(Dataset items)
■ ■ ■ ■ ■ ■ ■

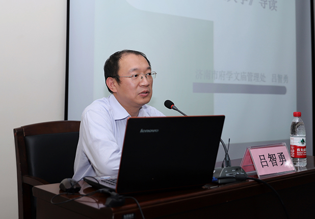 吕主任现任济南市府学文庙管理处主任,中国哲学史学会曾子研究会理事,山东大学、济南大学等多所院校客座教授,济南市社会主义核心价值观宣讲专家,山东省和济南市“尼山书院”专家库专家。多年来研习儒家经典,致力于传播中国优秀传统文化,是文庙公益讲堂发起人之一,多年来开展公益讲座三百多场次。主讲题目有:《儒家文化中的“修齐治平”思想》、《中华优秀传统文化之儒学经典导读》、《中华优秀传统文化与社会主义核心价值观》、《传统文化中的廉政智慧》、《传统文化中的礼法合治》、《中华文化讲求个人诚信》、《中华好家风》等。
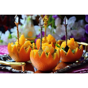 Пока маринуется мясо сделать корзиночки. Апельсин красиво разрезать на две части и аккуратно извлечь мякоть |
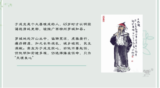 于成龙,字北溟,清朝山西永宁州人,历任罗城知县、合州知州、黄州知府、兵部尚书、两江总督等职。在朝为官,他经六省七地,清正廉明,行事谨慎,政务勤勉,治绩蜚声朝野;治家律己,他凝练了“勤、俭、学、善、廉”的家风,其子孙也多以“仁存正德、乐善公益、博施济众”而闻名乡里,受人称颂。
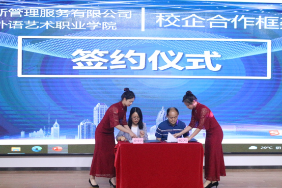 图:双方签订校企合作协议 随后,校企双方举行合作协议签约及授牌仪式。企业代表肖黎君与张晖共同签署校企合作协议书。张侃为肖黎君颁授公共管理与服务学院实践基地牌匾,肖黎君赠予我校索迪斯吉祥物。
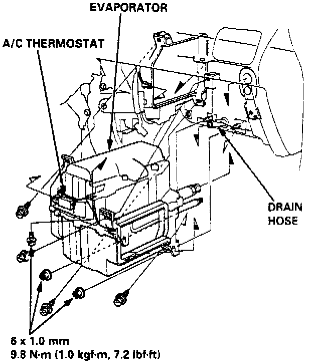 6. Disconnect electrical connector from A/C thermostat, then remove four screws, two mounting nuts and mounting bolt.
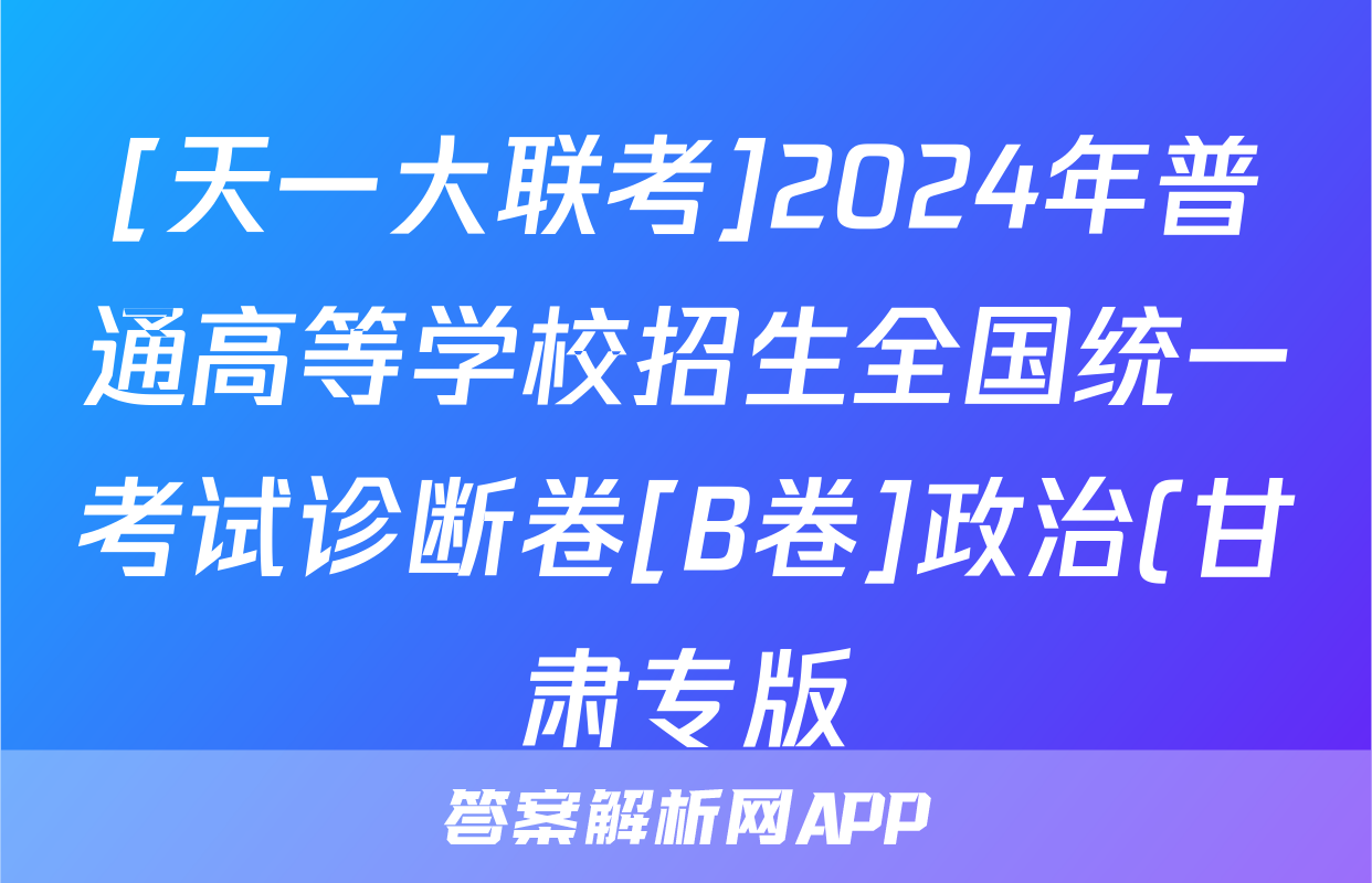 本文地址:[天一大联考]2024年普通高等学校招生全国统一考试诊断卷[B卷]政治(甘肃专版)答案
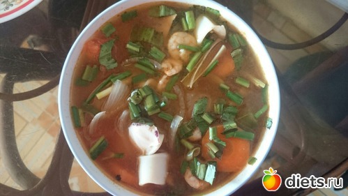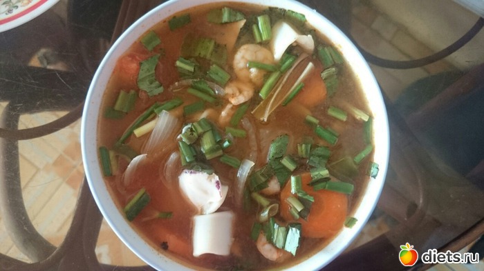 Сегодня рыбный день, но было лень готовить рыбу и я поехала с мужем в кафе и съела том ям с морепродуктами..
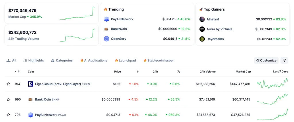 Капитализация сектора за сутки выросла на 345%, достигнув $770 млн. Лидером по объему остается EingenCloud с рыночной стоимостью свыше $115 млн.
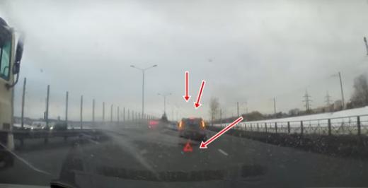 Video autors apgalvo, ka avārijas zīme nebija novietota pienācīgā attālumā no salūzušā auto. Lasīt vairāk
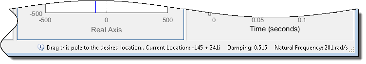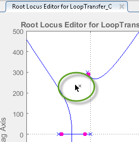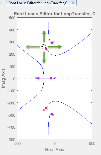 В редакторе корневых локусов перетащите новые полюса в расположение около -140 ± 260i. При перетаскивании одного полюса он обновляется автоматически.
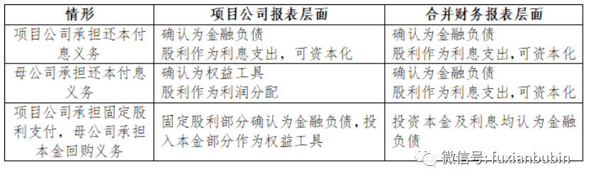 在實際業務中明股實債獲得的資金記入所有者權益,但其真實列報屬性根據還本付息義務的主體不同有所不同。根據現行會計準則,投資在不同的會計主體層面列報屬性可能有所不同(如下表所示)
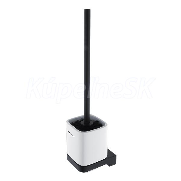 WC štětka s držákem na zeď, nízká hranatá keramická nádoba, rukojeť černý mat.
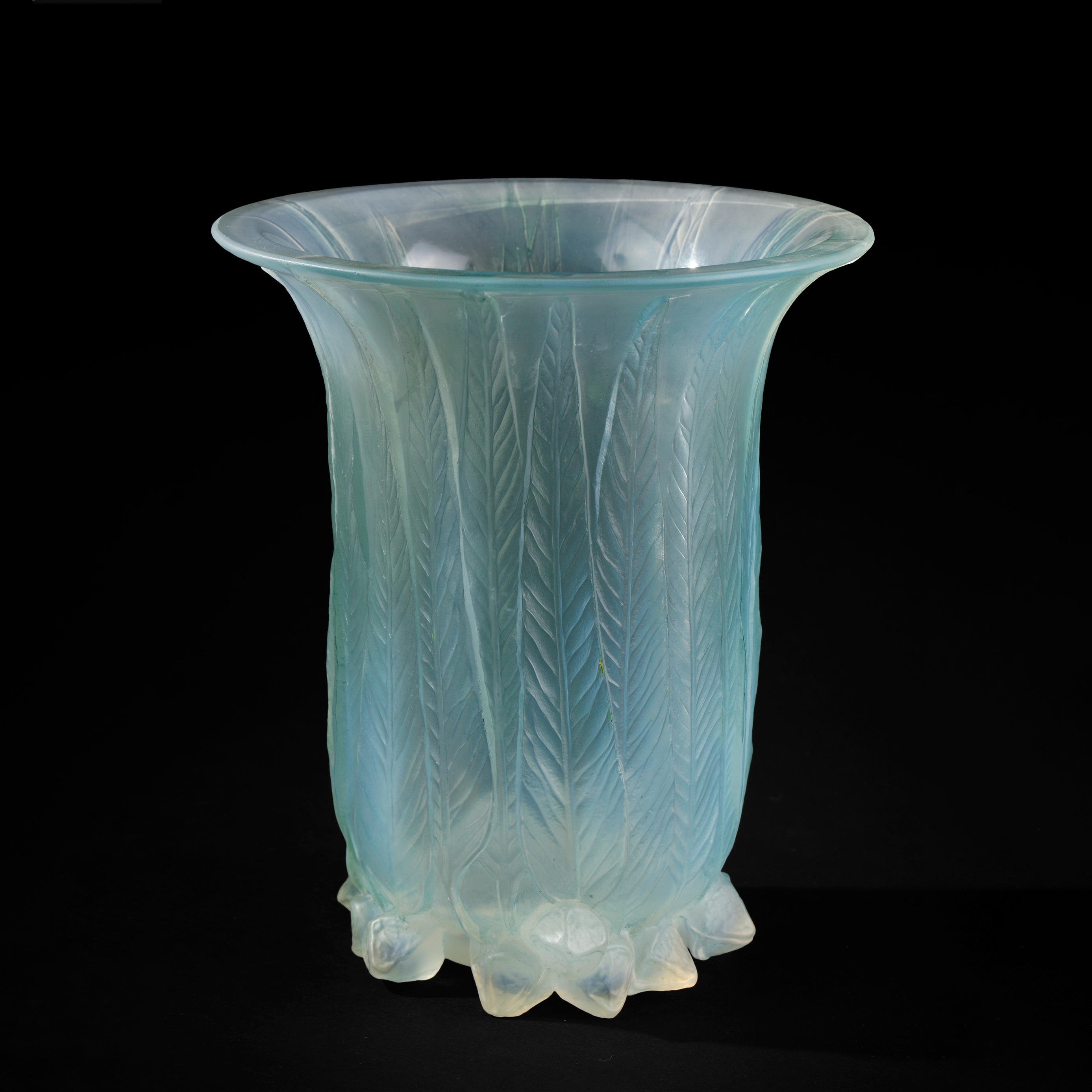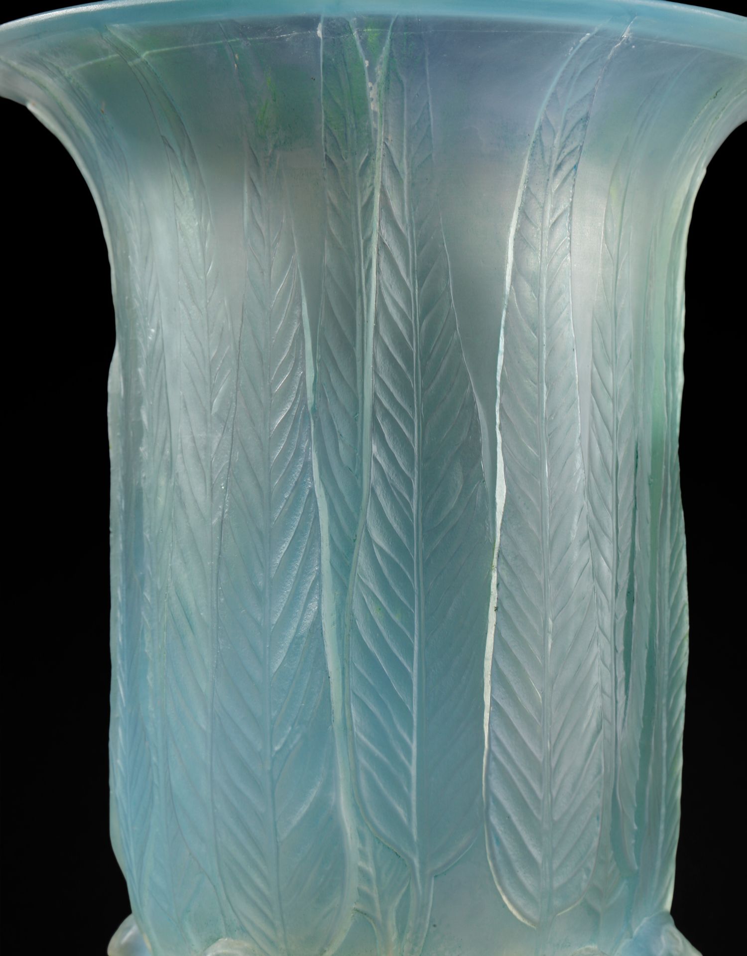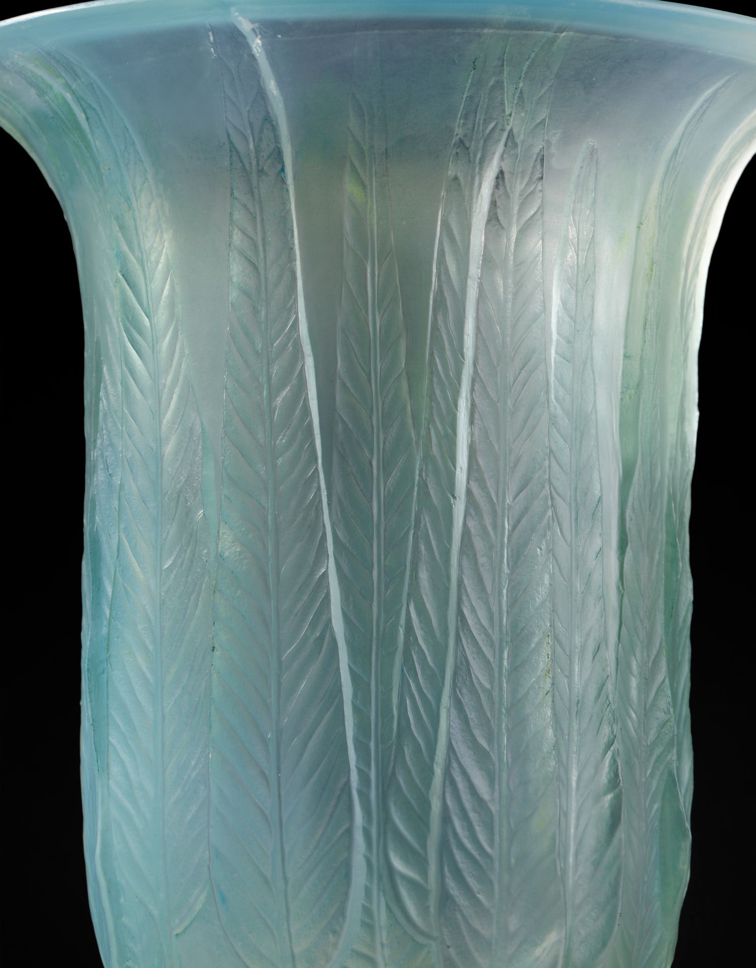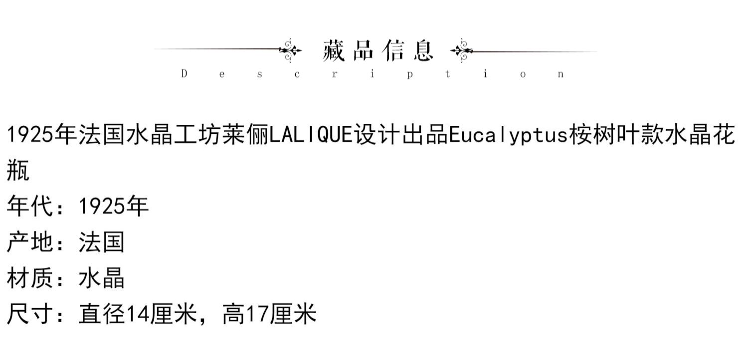 独角鹿西洋古董法国LALIQUE莱俪Eucalyptus桉树叶款水晶花瓶摆件

■ ■ ■ ■ ■ ■ ■

• Exercise: Exact copies of the lines from the one containing "Video autors apgalvo, ka" through the final line of the data are required; pictures are to be omitted.

• Task response:
 Video autors apgalvo, ka avārijas zīme nebija novietota pienācīgā attālumā no salūzušā auto. Lasīt vairāk
 В редакторе корневых локусов перетащите новые полюса в расположение около -140 ± 260i. При перетаскивании одного полюса он обновляется автоматически.
 在實際業務中明股實債獲得的資金記入所有者權益,但其真實列報屬性根據還本付息義務的主體不同有所不同。根據現行會計準則,投資在不同的會計主體層面列報屬性可能有所不同(如下表所示)
 WC štětka s držákem na zeď, nízká hranatá keramická nádoba, rukojeť černý mat.
 独角鹿西洋古董法国LALIQUE莱俪Eucalyptus桉树叶款水晶花瓶摆件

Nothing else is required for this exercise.